High Court: €17,500 awarded to cleaner for moderate contact dermatitis sustained at work

High Court: €17,500 awarded to cleaner for moderate contact dermatitis sustained at work

The High Court has awarded €17,500 in general damages to a cleaner who gradually developed contact dermatitis on her hands through exposure to chemical cleaning substances at work.

Delivering judgment for the High Court, Ms Justice Nuala Jackson determined that “the dermatitis in this instance included both hands but that, with treatment, a full recovery is to be expected. The intensity of the condition has clearly significantly diminished over time as was observed at hearing.”

Background

The plaintiff was employed by the defendant as a cleaner in a factory premises until 2019, when she resigned having developed contact dermatitis on both of her hands sometime in May 2017. 

In August 2020, the plaintiff instituted proceedings seeking damages in respect of her injuries, claiming that she was regularly exposed to strong cleaning chemicals and had been supplied with inadequate gloves which failed to protect her from same.

By the time that the case came on for hearing, issues concerning the quantum of loss, the plaintiff’s non-compliance with s.8 of the Civil Liability and Courts Act 2004 (as amended), causation and whether the plaintiff’s claim was statute-barred remained live.

The High Court

The High Court considered s.8 of the 2004 Act which states that where a plaintiff in a personal injuries action fails to serve a written notice on the alleged wrongdoer stating the nature of the wrong alleged against it before the expiration of two months from the date of the cause of action, or as soon as practicable thereafter, the court can draw such inferences as appear proper and make no order as to costs or can deduct an appropriate amount from costs awarded to the plaintiff.

Finding that non-compliance with s.8 was not denied by the plaintiff, Ms Justice Jackson confirmed that she would consider this failure in the context of any costs application in the matter before her.

Turning to the issue of whether the plaintiff’s claim was statute-barred, Ms Justice Jackson found that in order for the plaintiff’s claim to be statute-barred her knowledge of her cause of action must have accrued before 4 April 2017, taking into account the statutory period of disapplication of time during her application to the Personal Injuries Assessment Board (PIAB).

The judge heard medical evidence and the plaintiff’s evidence on this issue, finding that there was minor symptomology prior to 4 April 2017. However, the court noted that s.2(1) of the Statute of Limitations (Amendment) Act 1991 makes it clear that time runs from the plaintiff’s date of knowledge (if later) of inter alia their injury, the significance thereof, that the injury was wholly or partly attributable to the act or omission alleged to constitute negligence, nuisance or breach of duty and the identity of the defendant.

The court also highlighted the provisions of s.2(2) of the 1991 Act which deems ‘knowledge’ to be that which a plaintiff might reasonably have been expected to acquire from facts observable or ascertainable by them or with the help of medical or other expert advice.

Ms Justice Jackson determined that the plaintiff did know of her injury prior to April 2017, relying on the test in Whitely v.
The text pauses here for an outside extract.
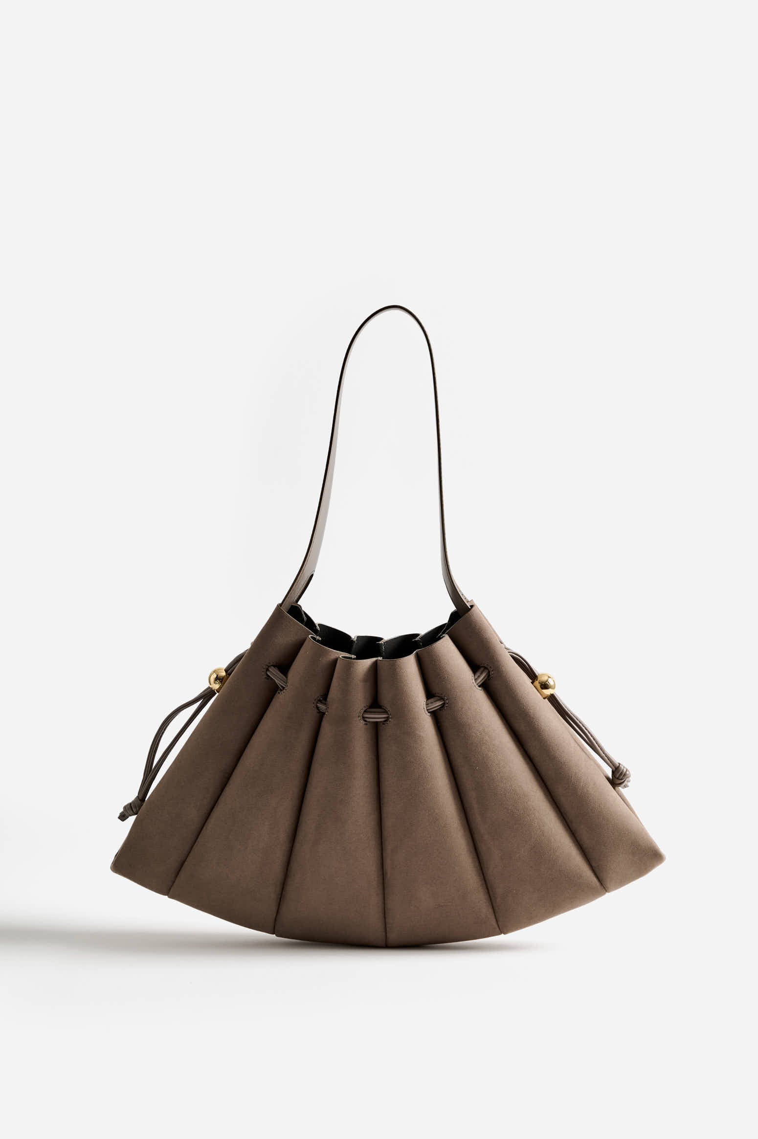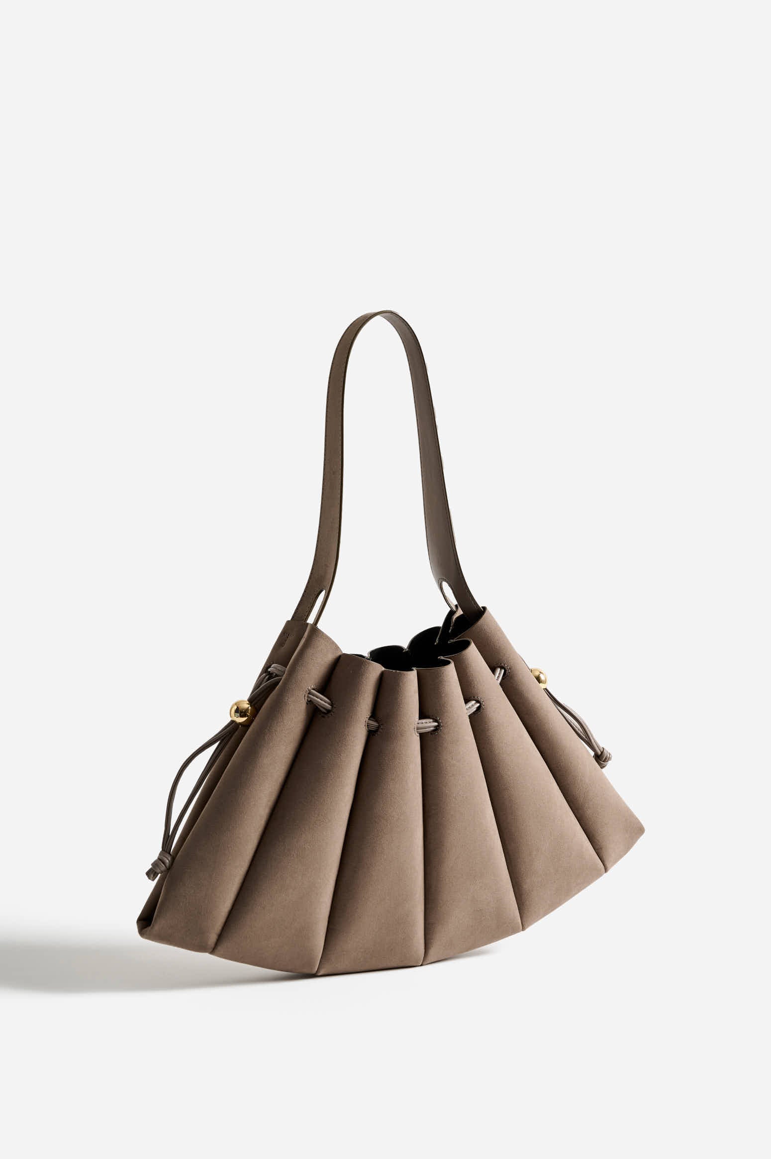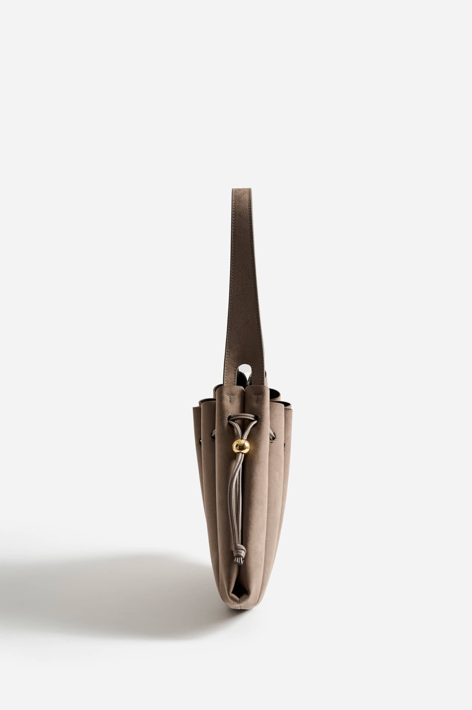 Calipso Suede Mu di Themoirè si distingue per la nuance intensa e vibrante, che accende la texture vellutata del suede vegetale. Il design a pieghe ricorda la forma del bamboo, simbolo di equilibrio e leggerezza. Una borsa unica per uno stile consapevole
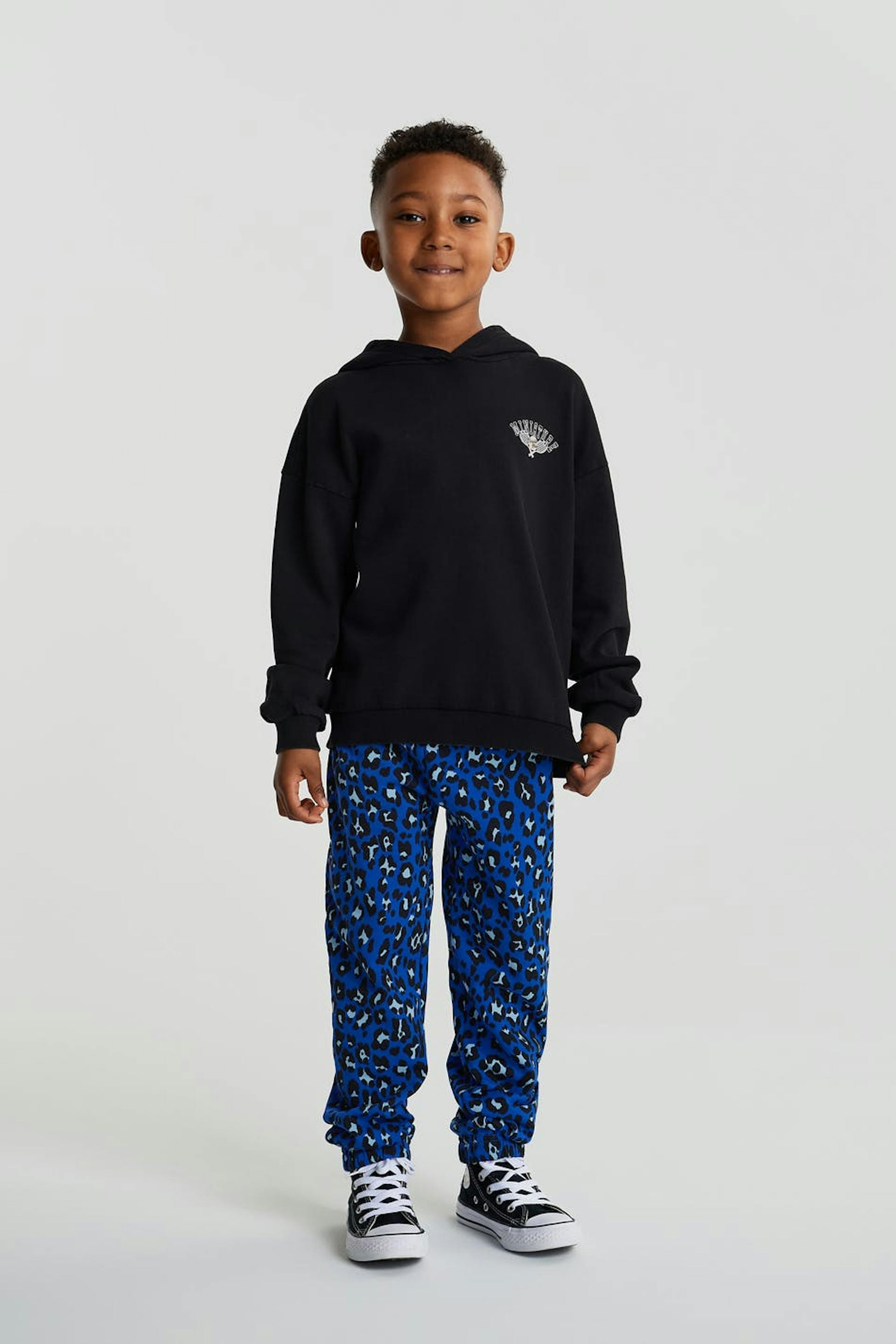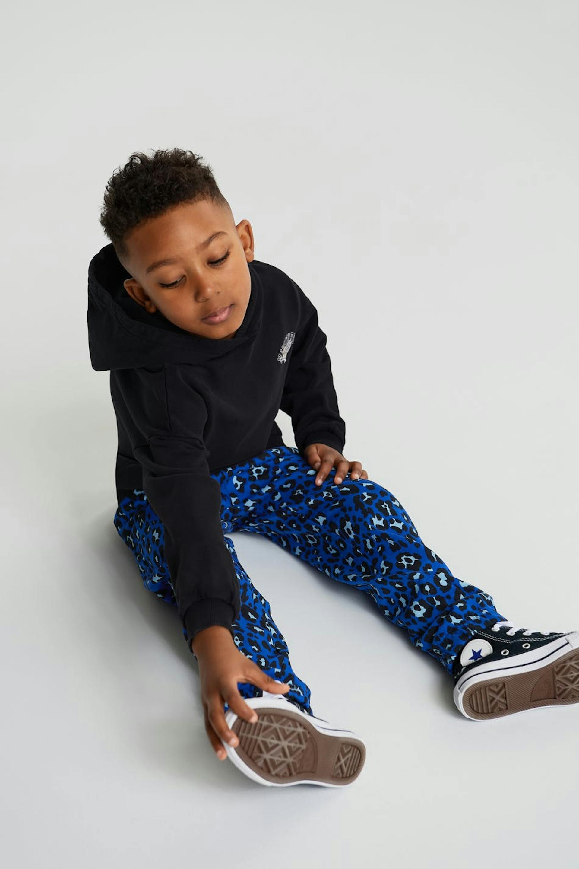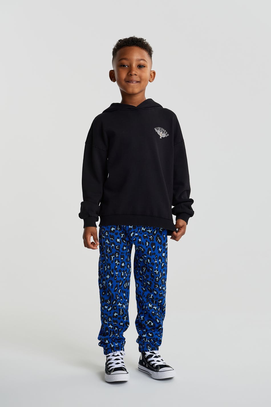 Unisex tracksuit trousers for children with a regular fit. The trousers are blue and leopard and have a soft elastic at the waist and at the end of the legs.

Minister for Defence [1998] 4 IR 442 as supporting the application of a partly subjective and partly objective test in respect of when the plaintiff realised her injury was significant.

The court stated the test to be applied as follows: “(a) The subjective test – what was the state of mind of the Plaintiff at the particular time in terms of the significance of the injury? (b) The objective element – ought the particular plaintiff at the particular time reasonably to have sought medical or other expert advice having regard to the symptoms from which she was suffering and the other circumstances in which she then found herself?”

Finding that the plaintiff was not subjectively aware before April 2017 that the redness and dryness on her hands was sufficiently serious to justify the institution of proceedings or to warrant medical advice in respect of same, Ms Justice Jackson also disagreed that the plaintiff could be imputed with constructive knowledge at an earlier date. 

As to causation, the court found it “amply clear from the evidence that the plaintiff’s injuries were occasioned” by the admitted breaches of duty of the defendant.

Turning to the issue of quantum of loss, Ms Justice Jackson found the plaintiff’s evidence unsatisfactory in that regard and noted that the plaintiff’s GP had not appeared to consider referral to a specialist to be necessary, rather the referral had been requested by the plaintiff’s solicitor. 

The judge also considered that the plaintiff’s evidence in relation to her work opportunities was unsatisfactory as there were many ‘dry’ employments which did not mandate the use of chemicals which were available to her and found the plaintiff’s contentions as to the interference with her family life caused by her injuries “somewhat incomprehensible”.

Nonetheless, the court determined that the plaintiff’s injuries were at the upper levels of moderate intensity with full recovery expected and that the plaintiff was in a position to resume appropriate employment no later than January 2021.

Conclusion

Accordingly, the High Court awarded €17,500 in general damages for the plaintiff’s injuries by reference to the Book of Quantum, and put the matter back to a later date for the calculation of special damages and for the hearing of costs applications.